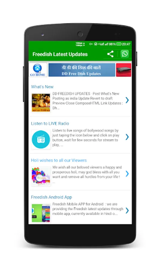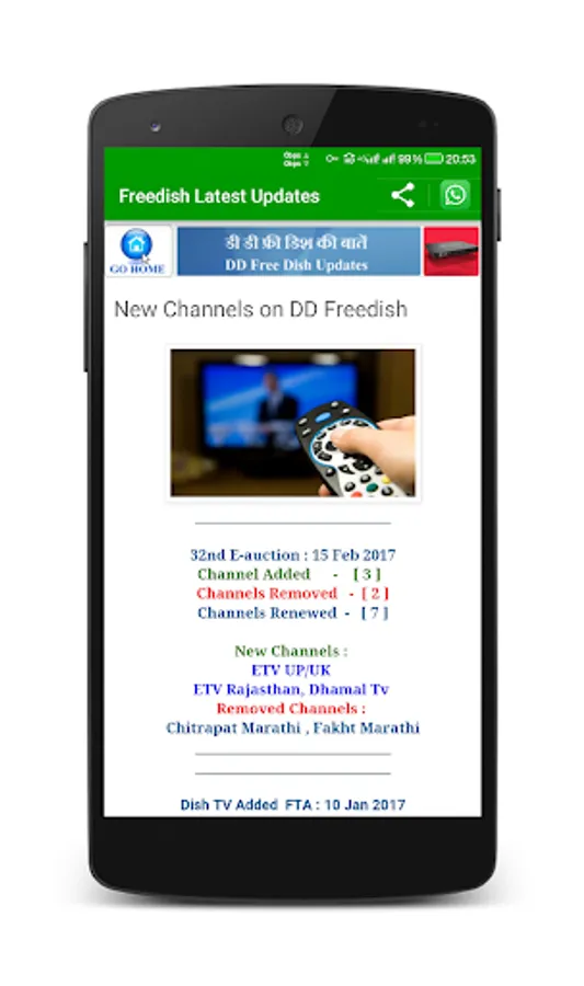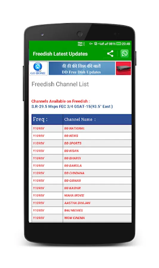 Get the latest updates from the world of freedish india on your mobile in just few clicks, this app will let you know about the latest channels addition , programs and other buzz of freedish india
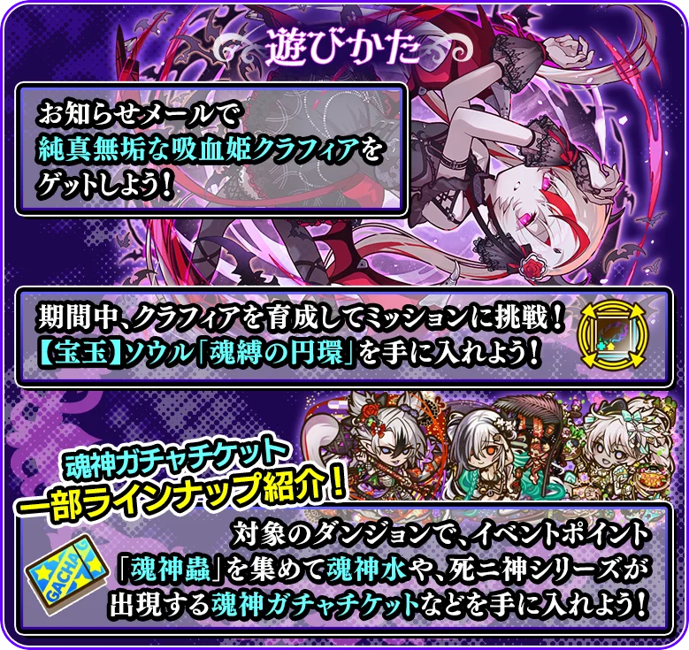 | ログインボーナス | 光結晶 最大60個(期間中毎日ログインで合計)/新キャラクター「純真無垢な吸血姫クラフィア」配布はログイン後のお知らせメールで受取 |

...

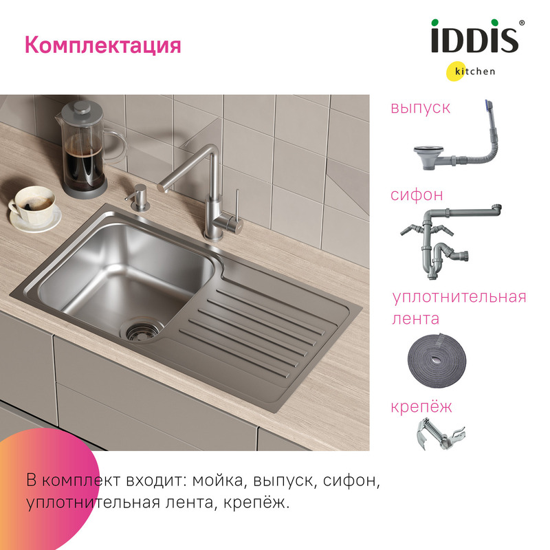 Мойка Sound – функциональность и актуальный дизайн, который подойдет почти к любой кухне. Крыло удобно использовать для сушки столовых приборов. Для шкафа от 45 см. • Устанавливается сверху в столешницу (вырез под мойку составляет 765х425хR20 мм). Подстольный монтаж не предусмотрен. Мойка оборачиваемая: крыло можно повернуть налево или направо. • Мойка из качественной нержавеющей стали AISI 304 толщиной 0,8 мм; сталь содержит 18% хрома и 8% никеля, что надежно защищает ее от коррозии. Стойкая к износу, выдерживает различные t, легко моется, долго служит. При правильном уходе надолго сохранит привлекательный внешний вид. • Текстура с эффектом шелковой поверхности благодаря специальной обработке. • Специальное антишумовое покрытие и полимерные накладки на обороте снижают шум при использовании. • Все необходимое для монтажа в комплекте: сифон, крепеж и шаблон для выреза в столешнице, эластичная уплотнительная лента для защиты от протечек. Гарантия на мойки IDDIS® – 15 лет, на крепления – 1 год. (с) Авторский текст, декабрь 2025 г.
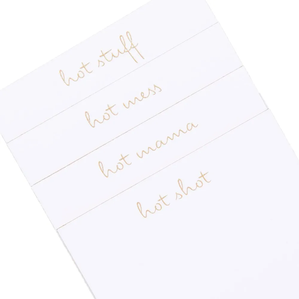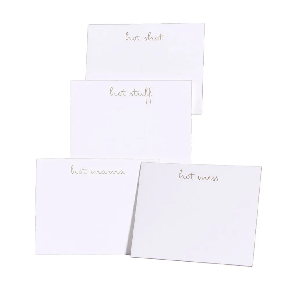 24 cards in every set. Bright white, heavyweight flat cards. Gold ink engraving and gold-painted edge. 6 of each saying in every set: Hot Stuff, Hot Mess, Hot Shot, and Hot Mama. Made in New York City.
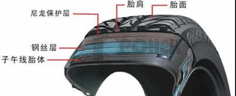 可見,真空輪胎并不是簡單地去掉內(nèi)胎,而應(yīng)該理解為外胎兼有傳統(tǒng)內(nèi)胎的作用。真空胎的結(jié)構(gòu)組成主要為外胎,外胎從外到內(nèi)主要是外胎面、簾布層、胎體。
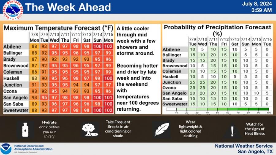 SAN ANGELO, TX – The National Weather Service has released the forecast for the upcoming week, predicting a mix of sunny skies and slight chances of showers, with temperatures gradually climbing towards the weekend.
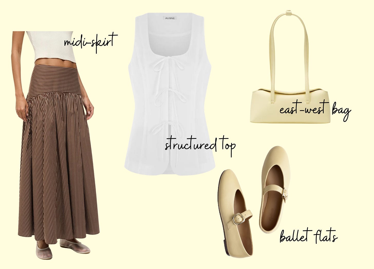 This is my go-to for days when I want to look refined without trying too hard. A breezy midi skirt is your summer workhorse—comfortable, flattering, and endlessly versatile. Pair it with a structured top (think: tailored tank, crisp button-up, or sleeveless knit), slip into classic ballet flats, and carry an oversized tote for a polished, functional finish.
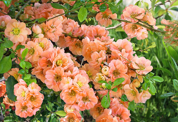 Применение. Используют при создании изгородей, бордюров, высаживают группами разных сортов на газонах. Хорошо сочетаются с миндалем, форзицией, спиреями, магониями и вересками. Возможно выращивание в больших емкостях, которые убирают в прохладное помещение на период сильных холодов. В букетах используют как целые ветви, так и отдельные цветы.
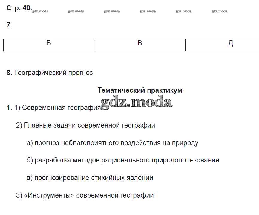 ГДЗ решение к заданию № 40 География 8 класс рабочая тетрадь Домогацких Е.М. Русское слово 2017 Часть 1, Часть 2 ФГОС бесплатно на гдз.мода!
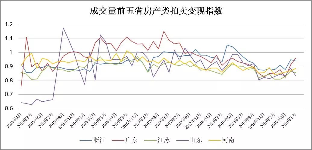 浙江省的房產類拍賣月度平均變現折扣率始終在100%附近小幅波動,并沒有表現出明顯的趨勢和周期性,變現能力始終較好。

...

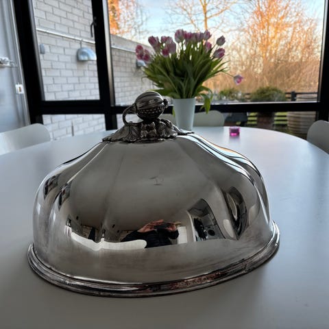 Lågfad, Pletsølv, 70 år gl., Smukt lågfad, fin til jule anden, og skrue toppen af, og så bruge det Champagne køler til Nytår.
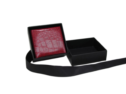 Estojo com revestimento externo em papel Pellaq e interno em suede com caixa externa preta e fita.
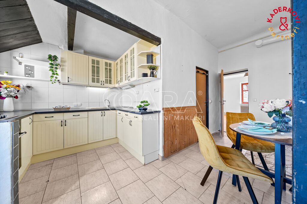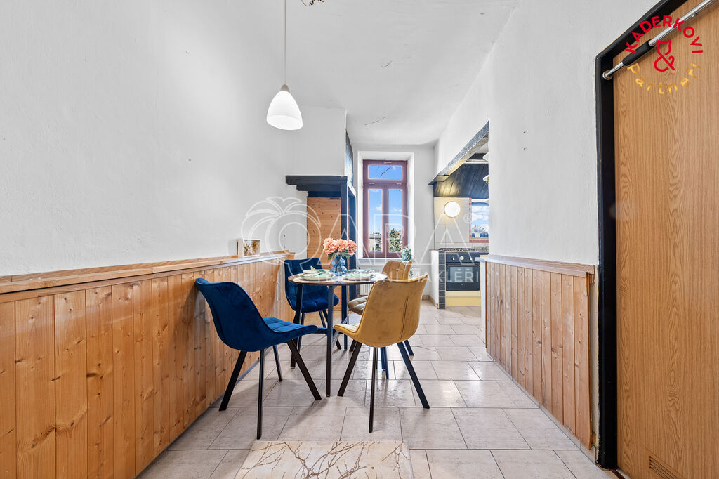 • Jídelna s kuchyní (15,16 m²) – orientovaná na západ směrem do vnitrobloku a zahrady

WORK REQUEST: Output only the stretch above from the line with "Get the latest" through the line with "ログインボーナス | 光結晶", reproduced exactly. Exclude pictures.

RESPONSE FOR THIS EXERCISE:
 Get the latest updates from the world of freedish india on your mobile in just few clicks, this app will let you know about the latest channels addition , programs and other buzz of freedish india
 | ログインボーナス | 光結晶 最大60個(期間中毎日ログインで合計)/新キャラクター「純真無垢な吸血姫クラフィア」配布はログイン後のお知らせメールで受取 |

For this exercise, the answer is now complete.